The racial nuances deftly sprinkled as an unobtrusive backdrop to J.M. Coetzee's BOYHOOD, reminded me of a poem I'd not read in years, and had to trawl through my shelves to find; italicized words have explanatory notes at the end provided by the editors of the volume I took this from; do ask in the comments if there's anything still not clear though:
KHOIKHOI-Son-of-Man by Modikwe Dikobe, South Africa, born 1913

I thought I was soul and skin
Pedigree muntu
Until yesterday I heard the truth
Grandfather was a Khoisan.

A slave of a trekboer
Fleeing from the Cape laws
Freeing slaves.

At night
He was tied to an oxwagon wheel
Groaning
Day by day leading sixteen span
Fleeing from the Cape.

Night by night
Somewhere there was a cock-crow
A barking dog
A smell of damp fuel
Then he realized that beyond that ridge
Could be a village
Of people like him.

He unfastened himself,
Trotted out of the camp,
Vanished into the night.

At dawn he was at a village
Begging to be taken into the tribe
'A tribesman, hunter, chief's servant and messenger.'

Swift as an antelope was he
Outstripping runners
Chased by dogs.
'Ka modimo', they swore.
'He is a man of the cloud.
'Ompone ke tswa kae?'
A legendary tale: where have you seen me?
'I have seen you from the cloud.'
Khoikhoi-Son-of-Man.

I knew since yesterday
that he was my grandfather
Khoikhoi-Son-of-Man.
Notes:
muntu Slang term for a black African; now considered degrading.

Khoisan Hunter-gatherer tribe (initially called Bushmen) indigenous to the Cape; now largely exterminated.

trekboer The 'trekboers' were farmers of Dutch descent who left the Cape and travelled ('trekked') with wagons drawn by oxen into the interior of the country.
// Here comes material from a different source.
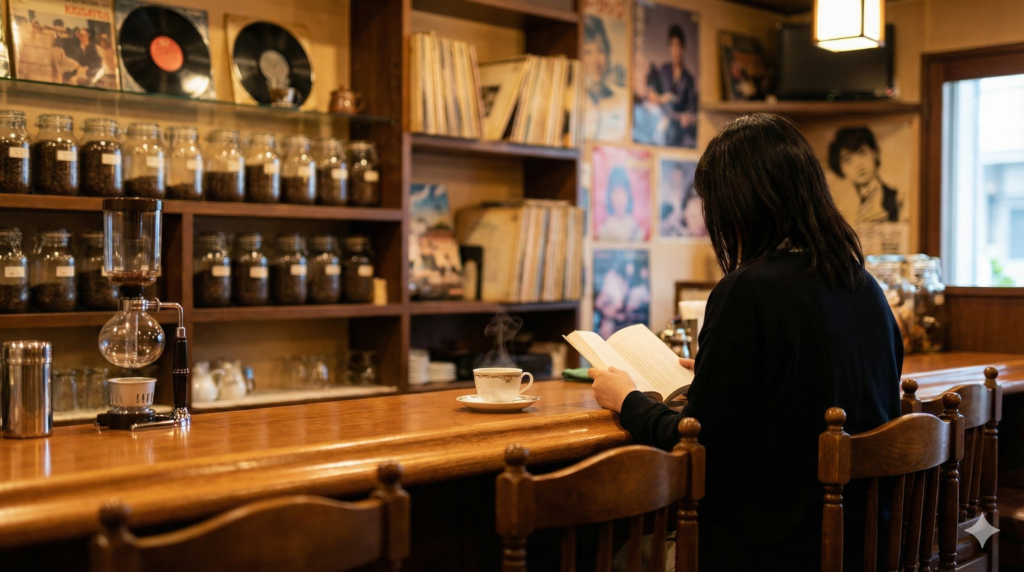 BGMには静かなジャズや、サイモン&ガーファンクルなどのオールディーズが流れており、決してうるさすぎず、会話や読書の邪魔にならない絶妙な音量で空間を彩っています。この心地よい音楽とコーヒーの香りが混じり合うことで、極上のリラックス空間が作り出されているのです。最近のモダンで無機質なカフェとは一線を画す、どこか懐かしく、包容力のある空間と言えるでしょう。

One of the reasons they left was to escape new laws that made slavery illegal, and that would have freed their slaves.

'Ka modimo' 'By God' or 'I swear on oath' (Tswana).

'Ompone ke tswa kae?' These words are translated in the next line [of the poem].
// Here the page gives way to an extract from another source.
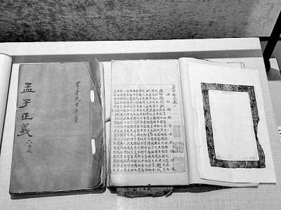 展出的《孟子正义》三十卷(清焦循撰稿本,潘氏宝山楼旧藏)。本报记者 李健摄/光明图片

"Dikobe was born in the Transvaal and raised in Sophiatown, a black township that was known for its cultural diversity and liveliness before it was rezoned as a 'white' residential area, and demolished by the apartheid government. He had limited access to schooling, and gained much of his education through correspondence. He held a variety of humble jobs, including selling newspapers. His first novel (The Marabi Dance), together with his poetry, identified him as a writer passionately concerned with black oppression under apartheid." (p. 138)

from SEASONS COME TO PASS: a poetry anthology for southern African students, 2nd edition, edited by Helen Moffett and Es'kia Mphahlele.